32 # Sectors according to firmware.
Seek times:
Full stroke: 250 iter in 0.723955 sec = 2.896 msec
Half stroke: 250 iter in 0.756001 sec = 3.024 msec
Quarter stroke: 500 iter in 1.255116 sec = 2.510 msec
Short forward: 400 iter in 0.680525 sec = 1.701 msec
Short backward: 400 iter in 0.878597 sec = 2.196 msec
Seq outer: 2048 iter in 2.055020 sec = 1.003 msec
Seq inner: 2048 iter in 2.062749 sec = 1.007 msec
Transfer rates:
outside: 102400 kbytes in 1.331560 sec = 76902 kbytes/sec
middle: 102400 kbytes in 1.848040 sec = 55410 kbytes/sec
inside: 102400 kbytes in 1.652754 sec = 61957 kbytes/sec
So far, so good.
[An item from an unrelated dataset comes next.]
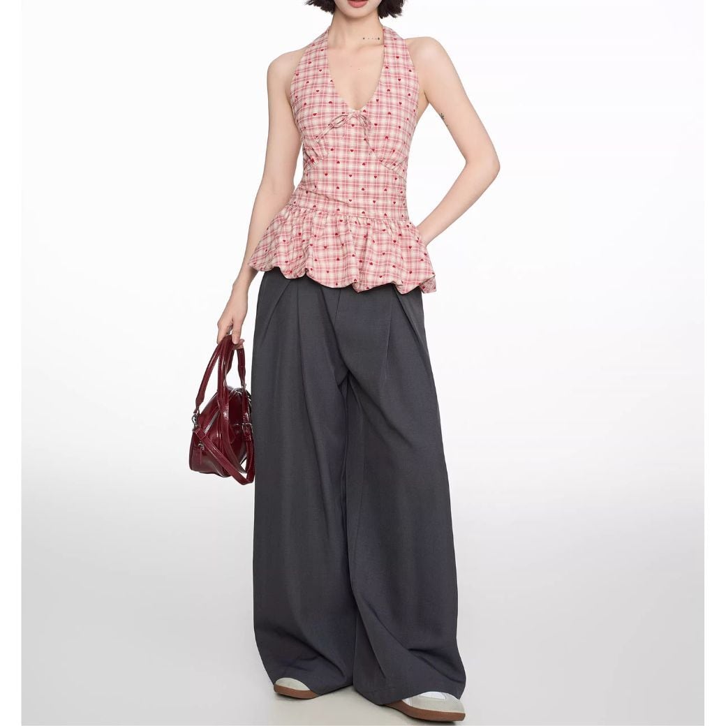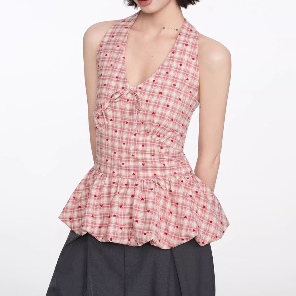 ハート×チェック柄のホルターネック*

As expected, the results are faster for all the tasks that require seeking, and sequential transfer rates are considerably higher as well. I think I like these tiny lil drives.
Now let’s try some bonnie, with some big files. Let’s try bonnie++ -d /usr/home -u root -s 16g -n 256:65536:65536:16
Version 1.93c ------Sequential Output------ --Sequential Input- --Random-
Concurrency 1 -Per Chr- --Block-- -Rewrite- -Per Chr- --Block-- --Seeks--
Machine Size K/sec %CP K/sec %CP K/sec %CP K/sec %CP K/sec %CP /sec %CP
anemone.insides 16G 379 99 49303 13 14526 9 621 98 30751 7 423.1 94
Latency 22409us 394ms 1414ms 37000us 142ms 121ms
Version 1.93c ------Sequential Create------ --------Random Create--------
anemone.insidesyste -Create-- --Read--- -Delete-- -Create-- --Read--- -Delete--
files:max:min /sec %CP /sec %CP /sec %CP /sec %CP /sec %CP /sec %CP
256:65536:65536/16 540 14 661 47 32500 63 588 15 117 8 8358 64
Latency 3045ms 175ms 506ms 2631ms 1841ms 946ms
1.93c,1.93c,anemone.insidesystems.net,1,1176110507,16G,,379,99,49303,13,14526,9,621,98,30751,7,423.1,94,256,65536,65536,,16,540,14,661,47,32500,63,588,15,117,8,8358,64,22409us,394ms,1414ms,37000us,142ms,121ms,3045ms,175ms,506ms,2631ms,1841ms,946ms
15k SAS mirror
Version 1.93c ------Sequential Output------ --Sequential Input- --Random-
Concurrency 1 -Per Chr- --Block-- -Rewrite- -Per Chr- --Block-- --Seeks--
Machine Size K/sec %CP K/sec %CP K/sec %CP K/sec %CP K/sec %CP /sec %CP
noname.insidesy 16G 444 99 77857 19 22512 6 613 94 85113 15 490.1 15
Latency 20163us 2910ms 296ms 274ms 114ms 51627us
Version 1.93c ------Sequential Create------ --------Random Create--------
noname.insidesystem -Create-- --Read--- -Delete-- -Create-- --Read--- -Delete--
files:max:min /sec %CP /sec %CP /sec %CP /sec %CP /sec %CP /sec %CP
256:65536:65536/16 1013 19 845 13 44078 86 959 18 103 3 13215 94
Latency 2763ms 800ms 57543us 2798ms 1805ms 259ms
1.93c,1.93c,noname.insidesystems.net,1,1176153578,16G,,444,99,77857,19,22512,6,613,94,85113,15,490.1,15,256,65536,65536,,16,1013,19,845,13,44078,86,959,18,103,3,13215,94,20163us,2910ms,296ms,274ms,114ms,51627us,2763ms,800ms,57543us,2798ms,1805ms,259ms
And with that, I was reasonably satisfied that we weren’t wasting money when we bought the 15K SAS drives.